Baguette won the following stakes races:
- 1969 AJC Breeders' Plate (5f)
- 1969 STC Silver Slipper Stakes (4½f)
- 1969 VRC Maribyrnong Plate (5f)
- 1970 STC Golden Slipper Stakes (6f)
- 1970 AJC Sires Produce Stakes (7f)
- 1970 AJC Champagne Stakes (6f)
- 1970 AJC Hobartville Stakes (7f)
- 1971 VRC Newmarket Handicap (6f)
- 1971 BATC Doomben 10,000 (6¾f)
- 1971 STC Canterbury Stakes (6f)
- 1971 STC Hill Stakes (8½f)
- 1971 AJC George Main Stakes (1 mile)
- 1971 BATC Booroolong Handicap (1,118 metres)
- 1971 STC Railway Quality Handicap

===Summary===
His major race victories include the 1970 STC Golden Slipper Stakes, 1970 AJC Sires’ Produce Stakes, 1970 AJC Champagne Stakes and the 1971 VRC Newmarket Handicap.

Baguette had a total of 31 starts for 15 wins, 7 seconds, 4 thirds for $195,200 in prize-money.

==Stud record==
In 1972 Baguette was syndicated as a stallion into a total of forty-five shares at $7,300 which was then an Australian record of $328,500 for a stallion.
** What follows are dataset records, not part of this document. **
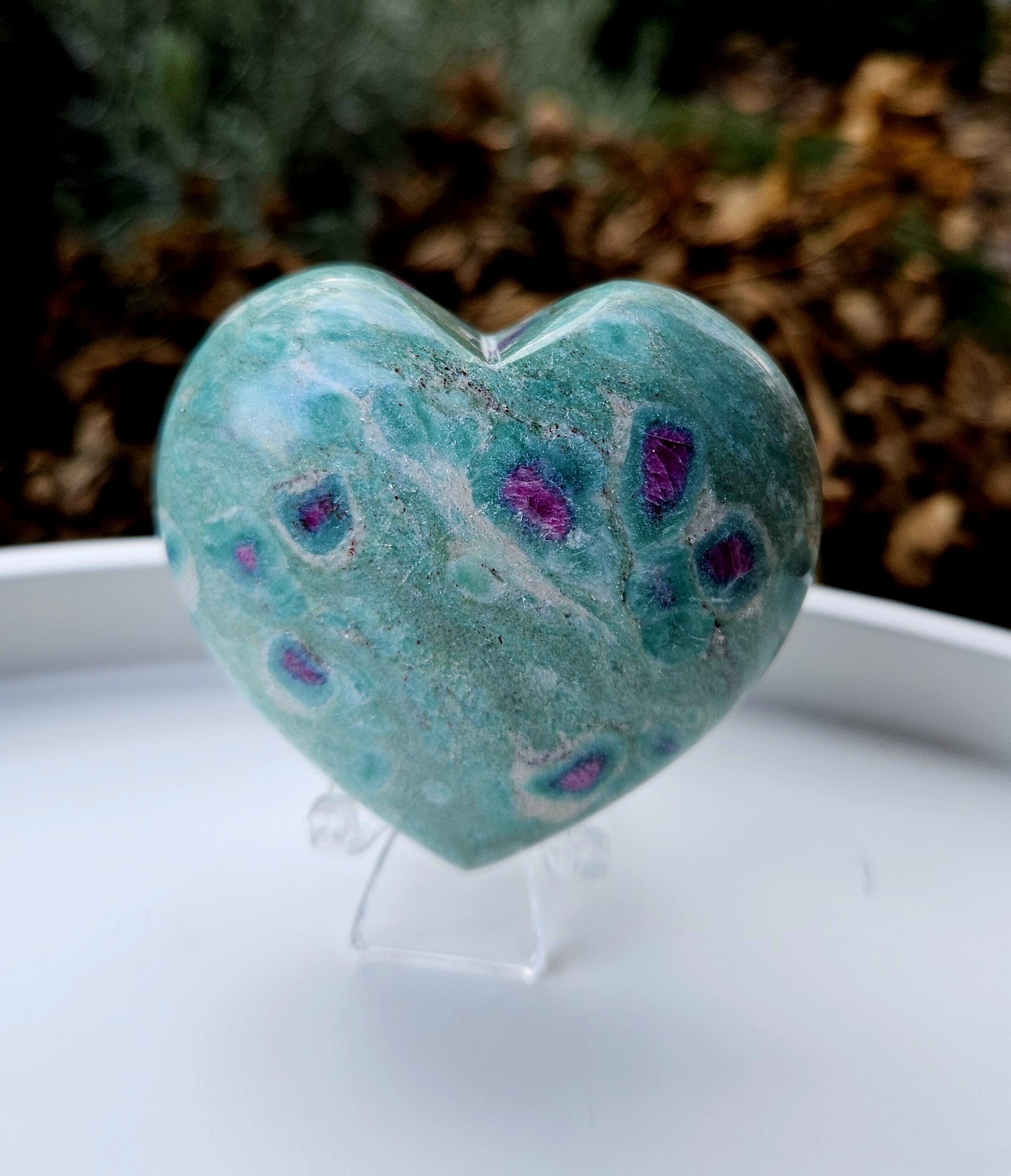 Rubín v zoisite je považovaný za kameň vitality, sily a radosti zo života. Spája energiu srdca s vnútornou stabilitou, podporuje motiváciu, tvorivosť a harmonizuje emócie. V tvare srdca symbolizuje lásku, vášeň a životnú energiu.
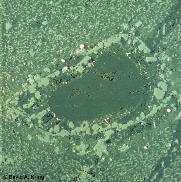 This impact produced lithologies such as polymict impact breccia and impact melt rock which were discovered in borehole samples obtained from the interior of the Chicxulub crater (David A. Kring, LPI, 'Chicxilub Impact Event'). The impact event is associated with shocked quartz with planar deformation features, as well as impact-generated melt products in the form of sub-mm- to mm-scale glass spherules (microtektites) and irregularly- to aerodynamically-shaped glass shards and fragments, all embedded in an iridium-enriched astrostratigraphic unit identified at various locations around the world (e.g., Hildebrand and Boynton, 1990; Kring and Boynton, 1991). In addition, cubic nanodiamonds have been identified by investigators in North American K–Pg boundary layers, while Bunch et al. (2008) identified shock-produced hexagonal nanodiamonds (lonsdaleite) in K–Pg boundary layers at Needles Point, New Zealand and Caravaca, Spain. Lonsdaleite is formed as carbonaceous material is subjected to extreme pressure (>15 GPa) and temperature (>1000°C).
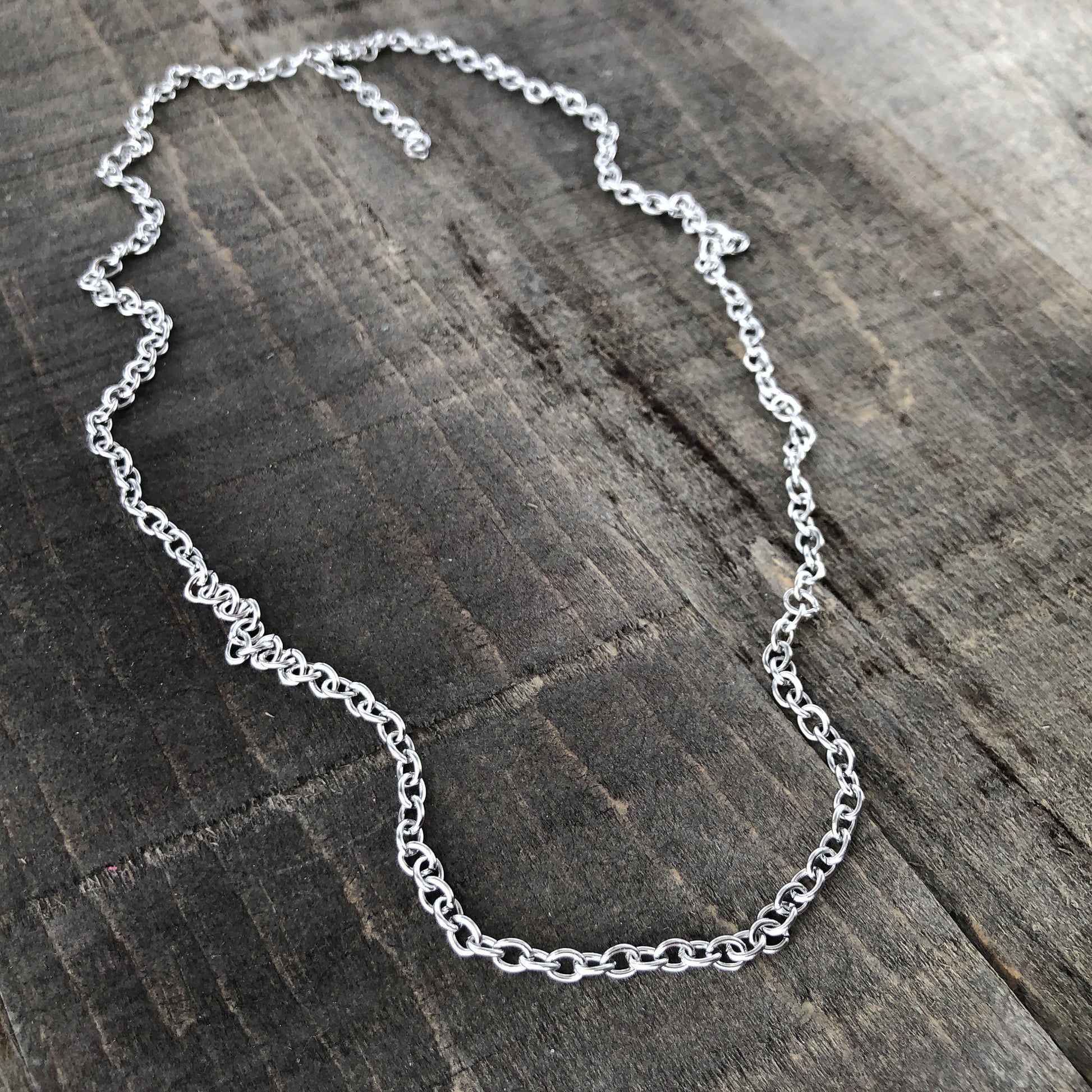 A sleek, shiny stainless steel cable chain that’s versatile enough for everyday wear or for pairing with your favorite pendant. At 23” (59 cm), this matinee length chain sits just below the collarbone and complements most necklines.
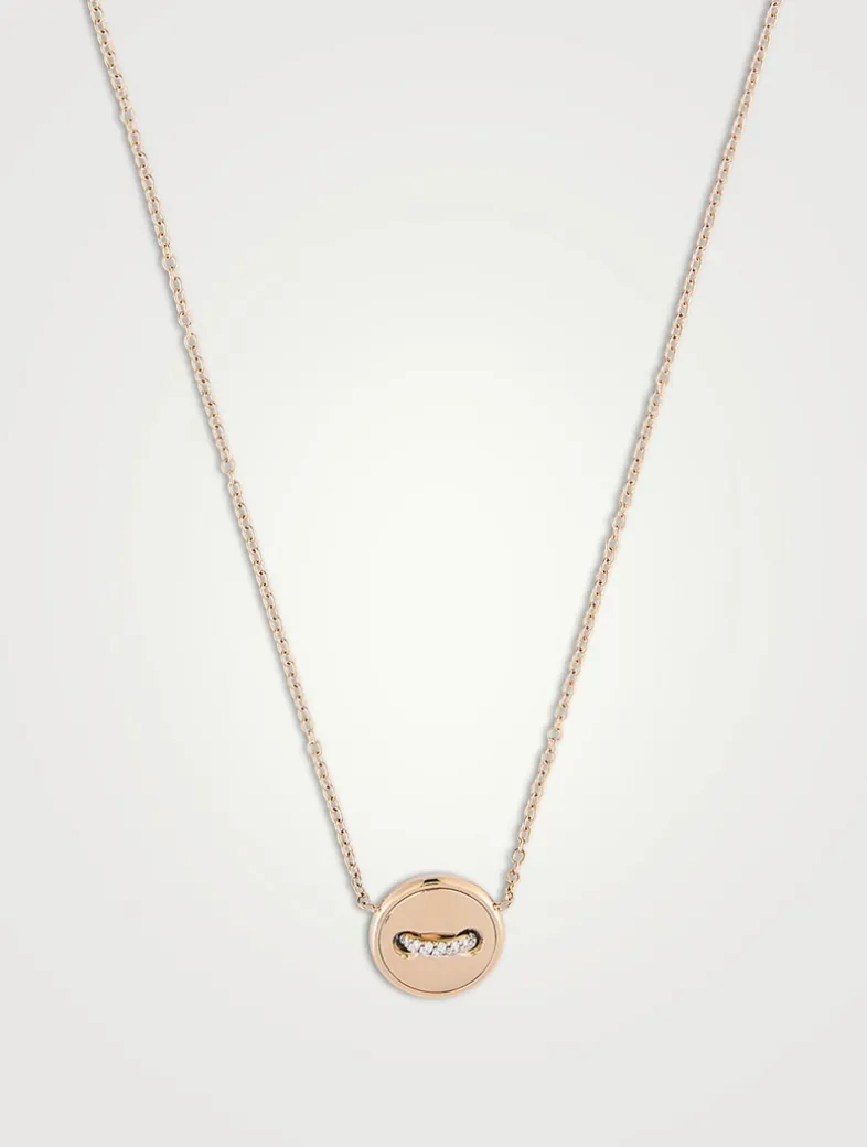 Pom Pom Dot 18K Rose Gold Reversible Pendant Necklace With Turquoise And Diamonds

He stood at the famous Kia Ora Stud at Scone in New South Wales alongside Gunsynd. Baguette's progeny included 18 stakes-winners which had 35 stakes wins between them.
They included the winners listed below.
- Crown Jester (STC Todman Slipper Trial, sire of the Golden Slipper winners Guineas and Rory's Jester)
- Dark Eclipse (5 wins including STC Golden Slipper Stakes, Tea Rose Stakes etc.)
- Fiancee (STC Silver Slipper Stakes, AJC Gimcrack Stakes)
- Hit It Benny (11 wins & $171,000 inc. BATC Rothman's "100 000")
- I Like Diamonds (AJC Champagne Stakes)
- Lady Manina (12 wins & $39,755 incl. 10 in succession inc. Tattersalls Carrington Stakes)
- Romantic Dream (14 wins, 900 to 1,600 m & $184,525 inc. QTC Sires Produce Stakes, NJC Cameron Handicap etc.)

Baguette’s daughters produced the racehorses, Clan O’Sullivan, Diamond Shower, Paris Opera, Vain Karioi and others.

Baguette died at the stud on 1 January 1984 after suffering a massive haemorrhage.